- INPUT DATA
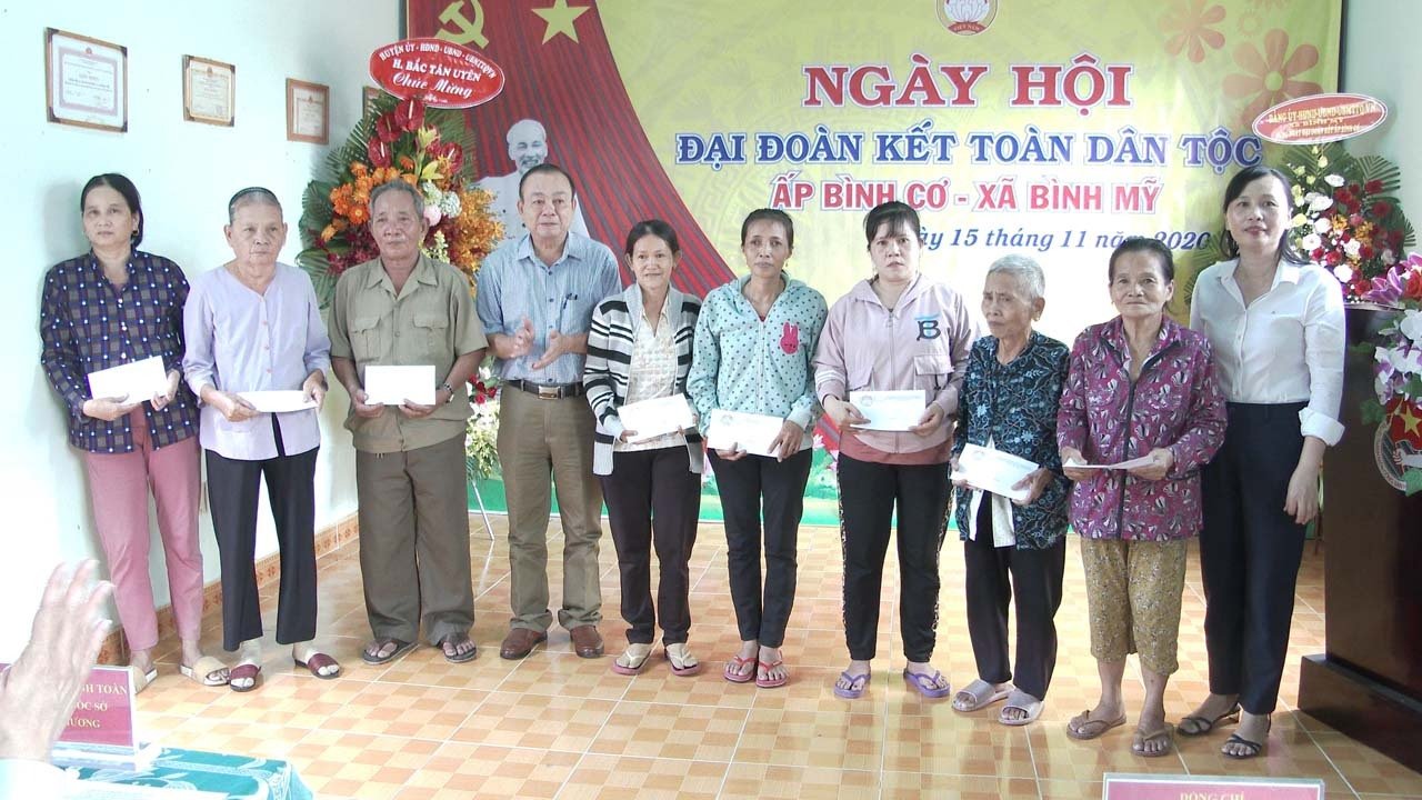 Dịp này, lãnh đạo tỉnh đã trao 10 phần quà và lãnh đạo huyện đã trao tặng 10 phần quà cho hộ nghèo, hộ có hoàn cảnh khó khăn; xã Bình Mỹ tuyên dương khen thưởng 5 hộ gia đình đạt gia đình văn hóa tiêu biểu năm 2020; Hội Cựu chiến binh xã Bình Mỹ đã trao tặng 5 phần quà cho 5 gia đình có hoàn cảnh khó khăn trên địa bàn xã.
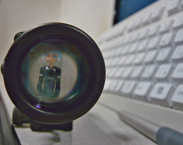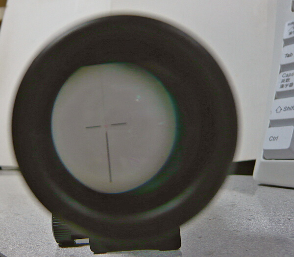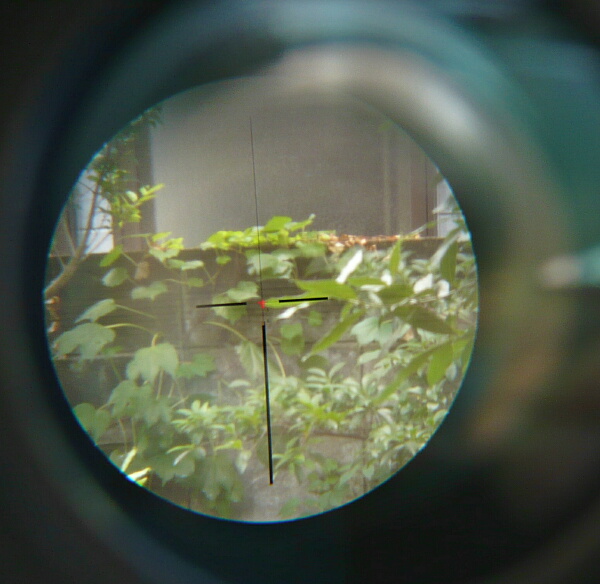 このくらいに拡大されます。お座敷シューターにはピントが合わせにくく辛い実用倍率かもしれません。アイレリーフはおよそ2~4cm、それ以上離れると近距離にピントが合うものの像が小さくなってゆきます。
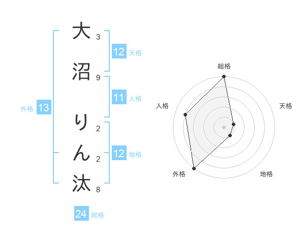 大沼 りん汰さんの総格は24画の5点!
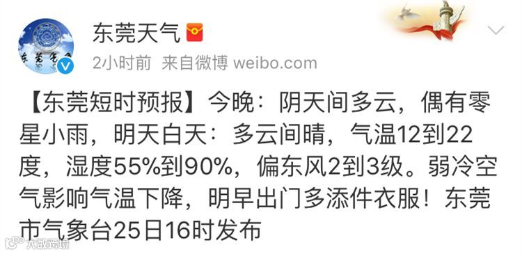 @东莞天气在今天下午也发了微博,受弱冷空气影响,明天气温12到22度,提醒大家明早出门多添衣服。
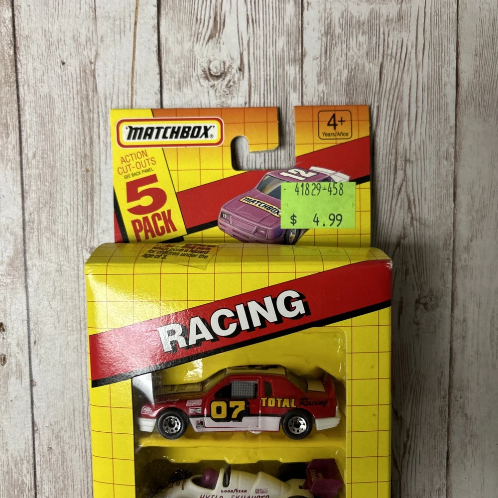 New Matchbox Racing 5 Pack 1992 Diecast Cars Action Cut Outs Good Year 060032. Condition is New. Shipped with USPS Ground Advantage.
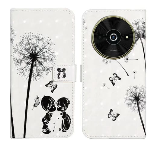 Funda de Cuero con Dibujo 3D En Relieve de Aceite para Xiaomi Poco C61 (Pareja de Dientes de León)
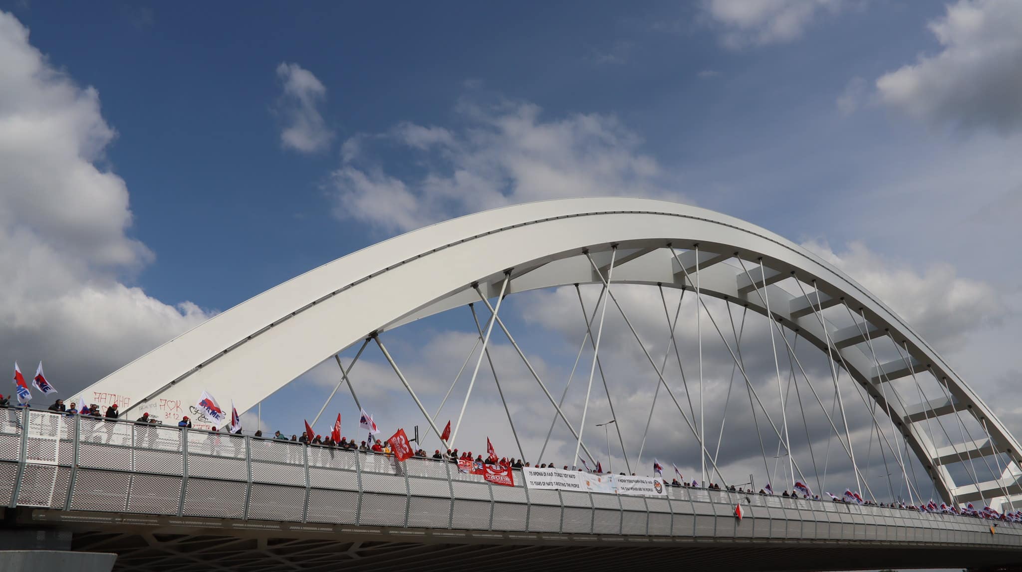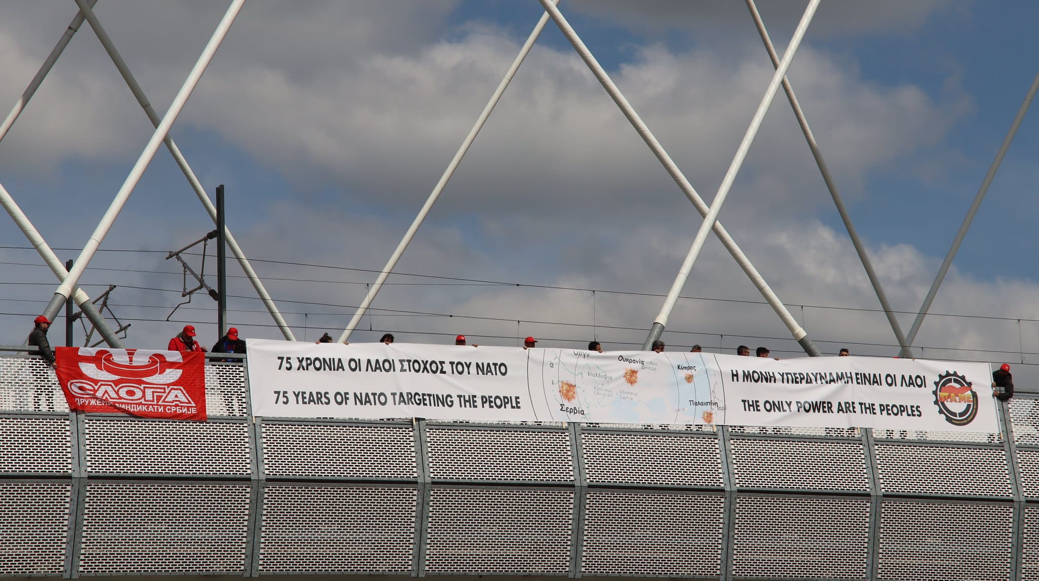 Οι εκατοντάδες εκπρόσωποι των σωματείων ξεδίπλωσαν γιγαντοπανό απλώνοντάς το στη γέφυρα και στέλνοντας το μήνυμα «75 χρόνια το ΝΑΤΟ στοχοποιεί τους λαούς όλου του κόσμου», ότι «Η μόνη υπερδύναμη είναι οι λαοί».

* * *

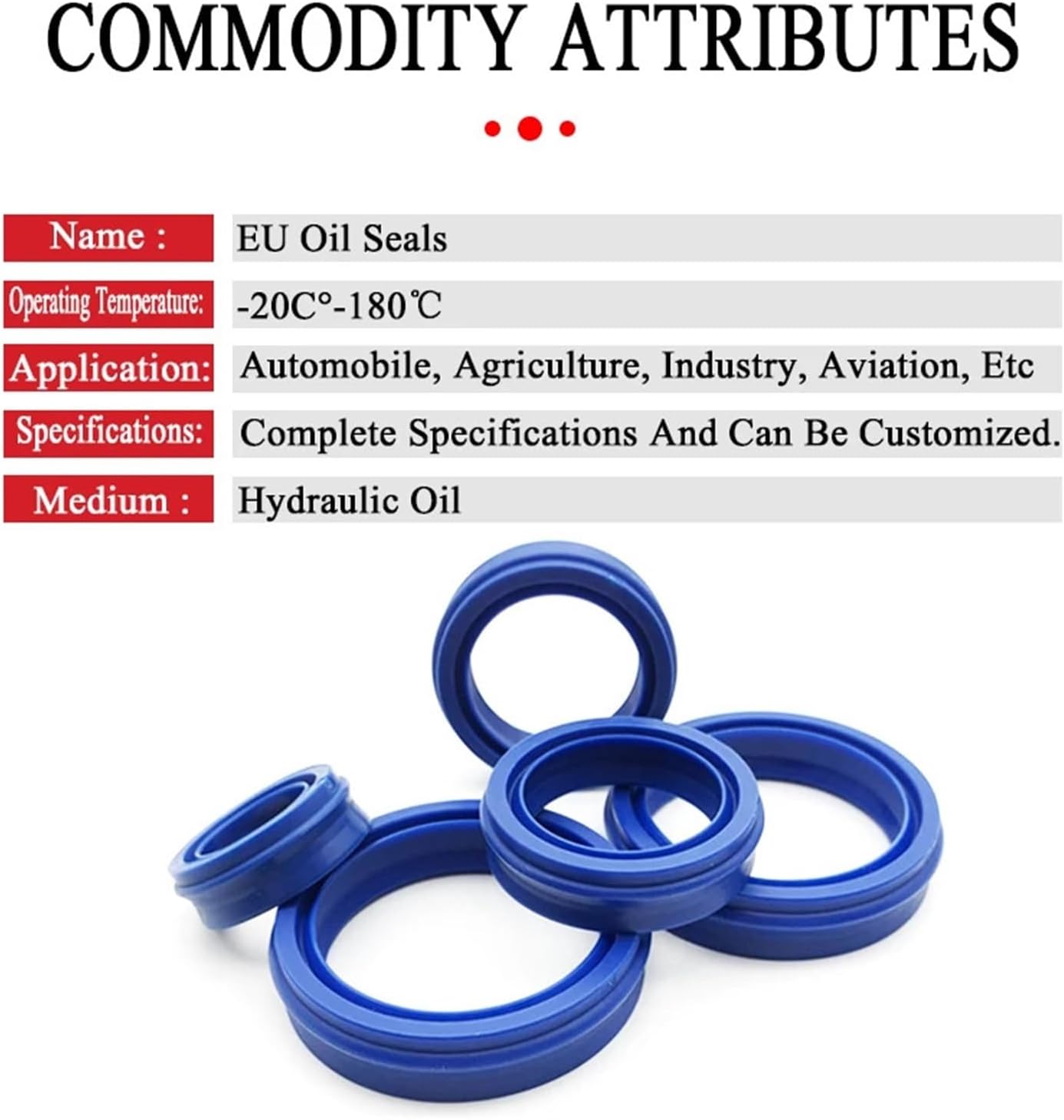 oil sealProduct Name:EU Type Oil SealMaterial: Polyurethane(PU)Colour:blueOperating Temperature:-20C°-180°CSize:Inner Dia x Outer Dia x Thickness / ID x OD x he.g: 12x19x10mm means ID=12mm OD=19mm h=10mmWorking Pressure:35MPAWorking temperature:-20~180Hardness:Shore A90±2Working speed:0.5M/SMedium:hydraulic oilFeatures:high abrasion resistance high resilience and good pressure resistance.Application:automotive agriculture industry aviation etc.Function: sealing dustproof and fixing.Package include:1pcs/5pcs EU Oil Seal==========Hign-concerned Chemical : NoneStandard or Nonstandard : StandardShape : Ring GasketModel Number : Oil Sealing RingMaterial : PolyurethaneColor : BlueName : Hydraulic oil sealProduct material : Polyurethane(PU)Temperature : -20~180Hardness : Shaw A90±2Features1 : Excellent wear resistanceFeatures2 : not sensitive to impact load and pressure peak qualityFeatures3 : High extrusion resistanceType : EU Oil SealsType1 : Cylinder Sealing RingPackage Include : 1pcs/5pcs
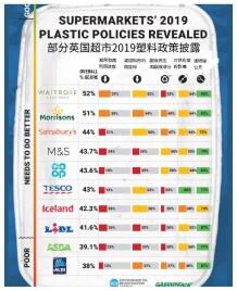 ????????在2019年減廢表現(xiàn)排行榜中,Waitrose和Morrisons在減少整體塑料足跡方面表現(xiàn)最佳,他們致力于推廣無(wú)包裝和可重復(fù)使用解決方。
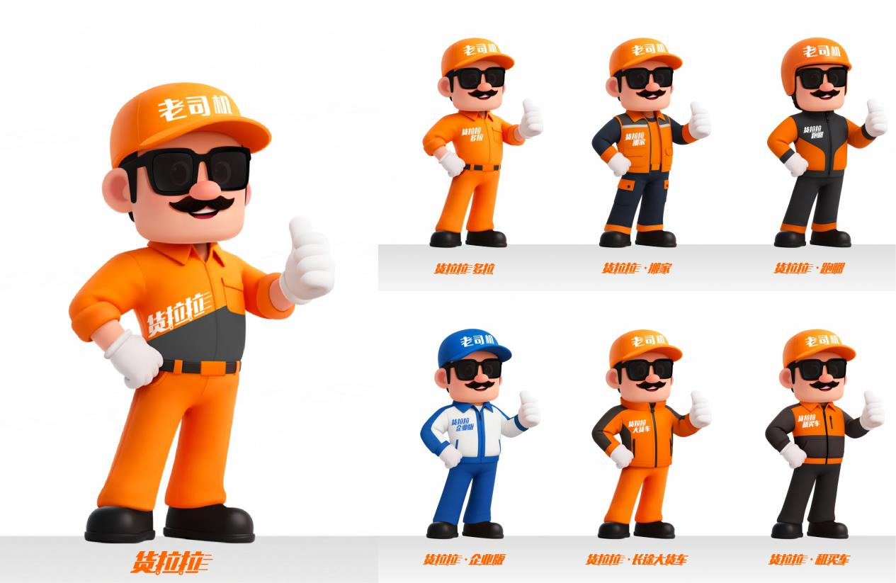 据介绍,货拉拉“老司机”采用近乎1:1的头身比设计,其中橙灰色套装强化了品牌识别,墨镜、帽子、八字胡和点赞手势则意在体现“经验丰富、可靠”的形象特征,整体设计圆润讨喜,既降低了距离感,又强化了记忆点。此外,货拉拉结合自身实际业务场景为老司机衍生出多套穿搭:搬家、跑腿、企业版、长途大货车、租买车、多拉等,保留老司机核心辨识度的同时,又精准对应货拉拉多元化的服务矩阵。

* * *

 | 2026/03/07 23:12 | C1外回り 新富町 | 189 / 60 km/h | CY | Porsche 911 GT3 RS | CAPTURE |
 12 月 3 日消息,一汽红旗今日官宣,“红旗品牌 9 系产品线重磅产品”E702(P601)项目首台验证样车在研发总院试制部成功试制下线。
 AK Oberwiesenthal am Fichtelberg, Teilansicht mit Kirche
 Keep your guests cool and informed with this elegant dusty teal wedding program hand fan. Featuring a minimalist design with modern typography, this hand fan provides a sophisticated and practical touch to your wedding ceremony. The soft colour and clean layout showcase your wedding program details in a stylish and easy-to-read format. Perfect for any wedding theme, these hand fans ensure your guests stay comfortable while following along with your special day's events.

- WHAT YOU WILL DO
All that should be printed is the run of lines above from the one with "New Matchbox Racing" through the one with "Οι εκατοντάδες εκπρόσωποι", both included, exactly as given, with pictures left out.

- EXERCISE ANSWER
 New Matchbox Racing 5 Pack 1992 Diecast Cars Action Cut Outs Good Year 060032. Condition is New. Shipped with USPS Ground Advantage.
 Funda de Cuero con Dibujo 3D En Relieve de Aceite para Xiaomi Poco C61 (Pareja de Dientes de León)
 Οι εκατοντάδες εκπρόσωποι των σωματείων ξεδίπλωσαν γιγαντοπανό απλώνοντάς το στη γέφυρα και στέλνοντας το μήνυμα «75 χρόνια το ΝΑΤΟ στοχοποιεί τους λαούς όλου του κόσμου», ότι «Η μόνη υπερδύναμη είναι οι λαοί».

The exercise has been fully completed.